-- DATA LISTING follows --
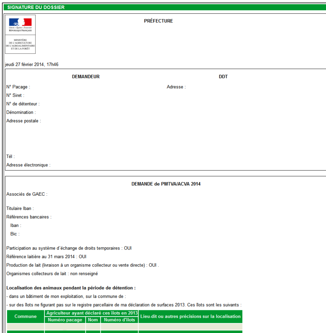
Figure 12 : écran récapitulatif du dépôt

Vérifiez les informations que vous avez télédéclarées et les engagements que vous prenez.
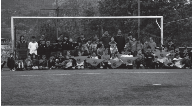
Usurbil Cup txapelketa berreskuratu zuten apirilaren 10ean.
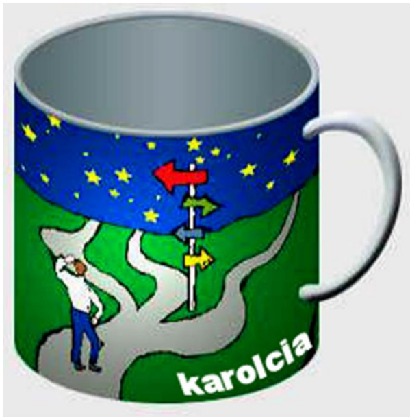
Graphic design of the mug
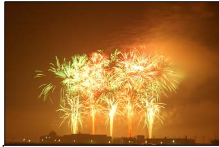
岸和田港まつり (花火大会)
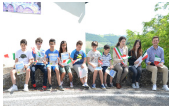
Consegna della Costituzione

le a queste iniziative, così come nel ricordare il 25 aprile e il 4 novembre, ha organizzato il 2 giugno una breve cerimonia con tutti i giovani del Comune che hanno raggiunto o raggiungono, nel corso del 2015, la maggiore età, per consegnare a ciascuno di loro una copia della Costituzione della Repubblica Italiana, dando risalto alla nuova condizione di cittadino che essi assumono con il raggiungimento della maggiore età.
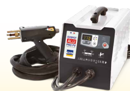
PROLINER ALU PRO FV - Art-Nr. 035836
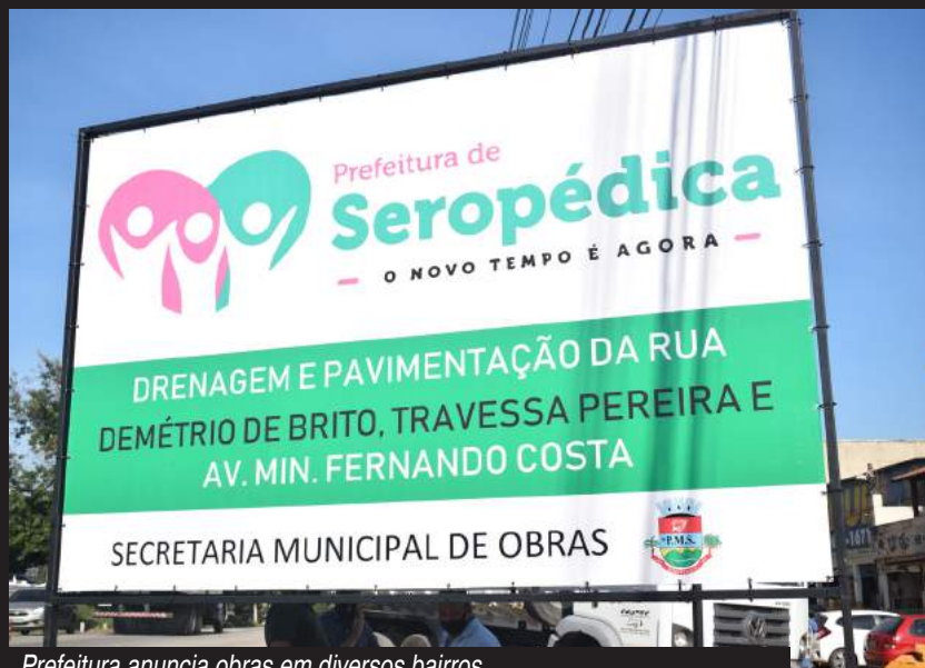
Prefeitura anuncia obras em diversos bairros
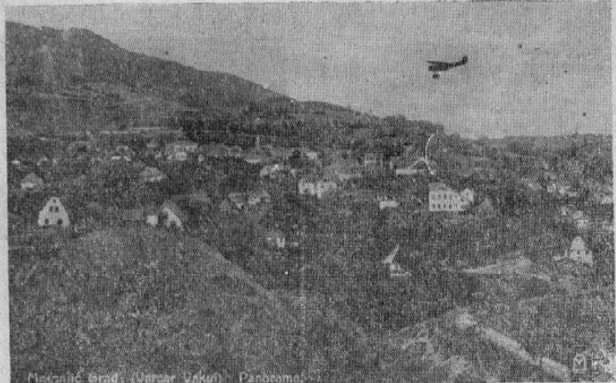
MRKONJIĆ GRAD, katerega so Mihajlovičevci po več kot dvajsetdnevnom boju zavzeli in združene sovražnike pognali v beg.

Carigrad. — "Deutsche Zeitung" poroča, da je v hrvatskih krajih v notranjosti zdravstveno stanje prebivalstva zaradi slabe zdravniške oskrbe izredno slabo. Navzlic temu, da je 89% vsega prebivalstva Hr-
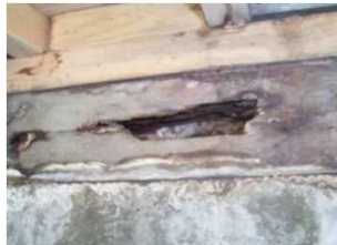
⑤土台に蟻害が発生
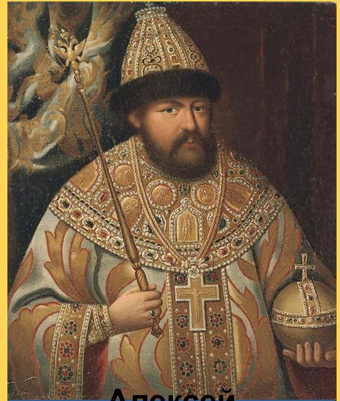
Алексей Михайлович «Тишайший»
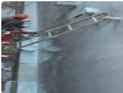
Bước 1: Quét lớp lót Acqua Primer NP pha với 25-30% nước sạch. Định mức: 0,14-0,18 kg/m 2 (vật liệu lót Primer phải được khuấy bằng máy khuấy tốc độ chậm trong vòng 3 phút trước khi thi công...)
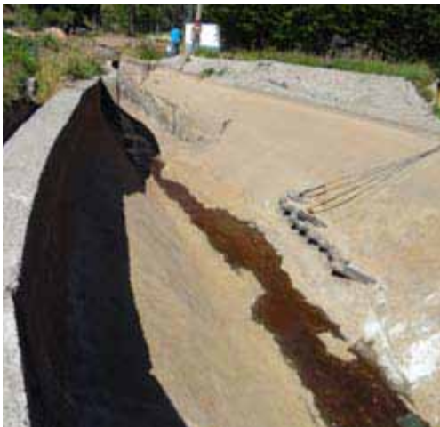
Estanque de hormigón deteriorado
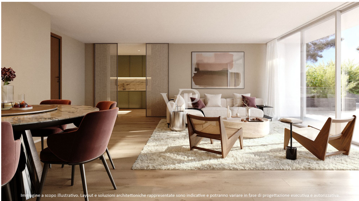
Immagine a scopo illustrativo. Layout e soluzioni architettoniche rappresentate sono indicative e potranno variare in fase di progettazione esecutiva e autorizzativa.
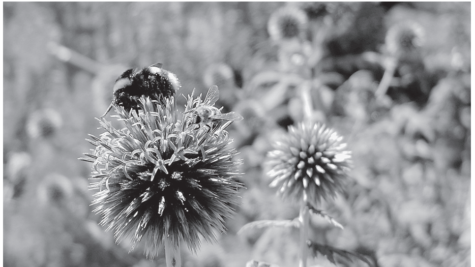
Schülerinnen und Schüler haben Crailsheims Natur im Bereich Hirtenwiesen und Fliegerhorst entdeckt.
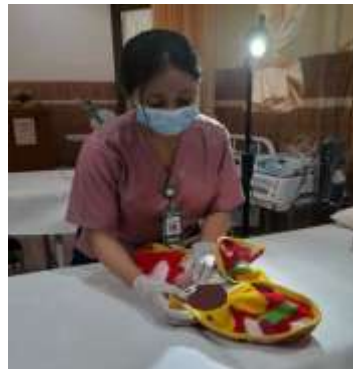
Melakukan pemeriksaan fisik pada bayi
-- DATA LISTING concluded --
▸ **WHAT TO DO**
Consider the string "Costituzione". State how many lines of the data contain it, giving the number alone.

▸ **EXPECTED ANSWER**
2